● GIVEN RECORDS:
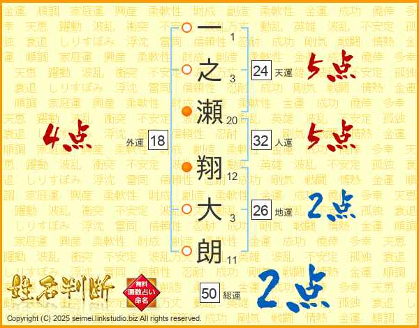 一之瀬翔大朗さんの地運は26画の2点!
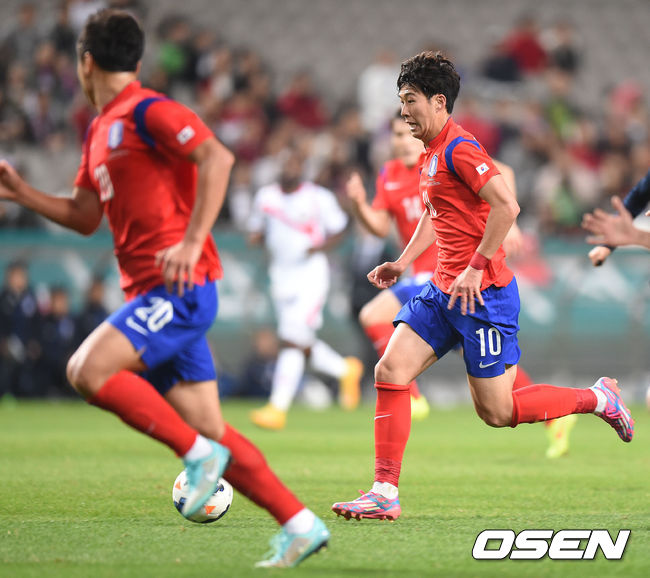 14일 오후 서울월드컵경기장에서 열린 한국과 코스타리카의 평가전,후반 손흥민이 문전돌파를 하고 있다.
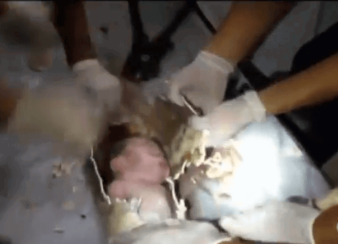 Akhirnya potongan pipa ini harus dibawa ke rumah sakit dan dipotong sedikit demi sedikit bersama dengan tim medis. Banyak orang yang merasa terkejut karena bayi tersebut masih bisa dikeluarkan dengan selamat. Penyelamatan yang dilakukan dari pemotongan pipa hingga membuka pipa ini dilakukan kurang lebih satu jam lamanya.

* * *

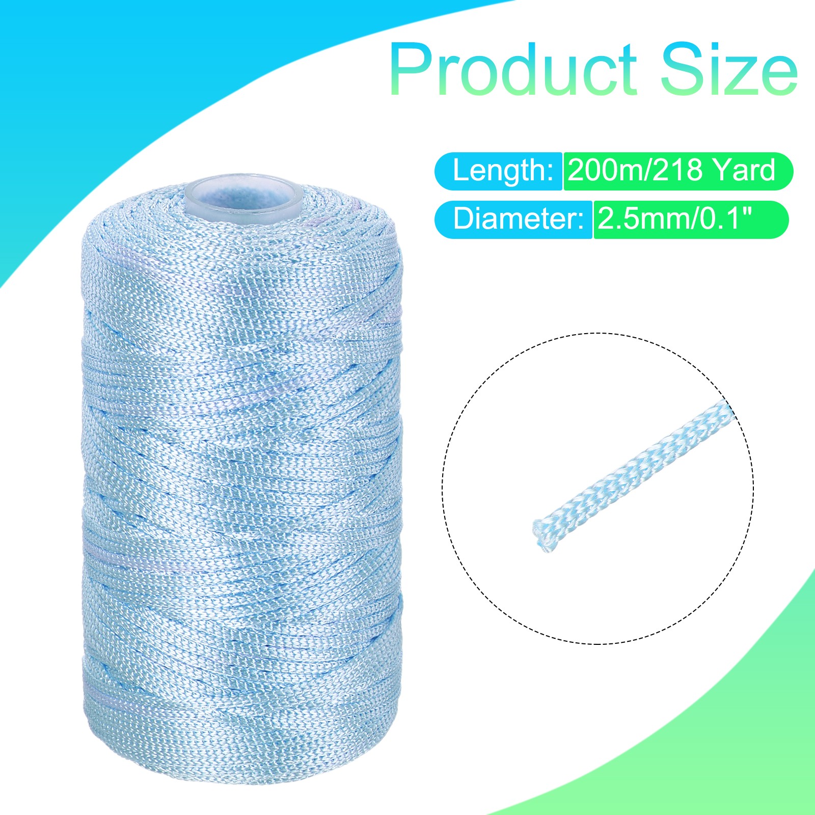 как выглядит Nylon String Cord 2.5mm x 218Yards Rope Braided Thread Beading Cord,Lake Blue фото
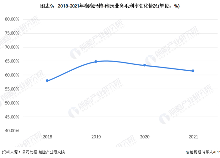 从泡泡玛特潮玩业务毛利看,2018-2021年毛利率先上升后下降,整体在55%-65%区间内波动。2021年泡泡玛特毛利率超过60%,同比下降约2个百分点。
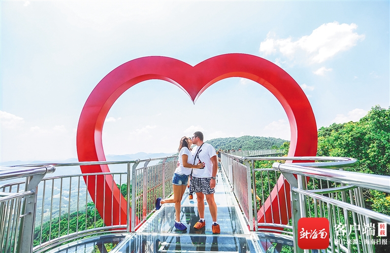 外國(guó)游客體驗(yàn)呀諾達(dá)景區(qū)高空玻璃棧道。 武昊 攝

● WHAT THIS TASK INVOLVES: From the material above, reproduce only what runs from the line holding "14일 오후 서울월드컵경기장에서" down to the line holding "Akhirnya potongan pipa", both included, pictures excluded.

● ANSWER TO THIS PROBLEM:
 14일 오후 서울월드컵경기장에서 열린 한국과 코스타리카의 평가전,후반 손흥민이 문전돌파를 하고 있다.
 Akhirnya potongan pipa ini harus dibawa ke rumah sakit dan dipotong sedikit demi sedikit bersama dengan tim medis. Banyak orang yang merasa terkejut karena bayi tersebut masih bisa dikeluarkan dengan selamat. Penyelamatan yang dilakukan dari pemotongan pipa hingga membuka pipa ini dilakukan kurang lebih satu jam lamanya.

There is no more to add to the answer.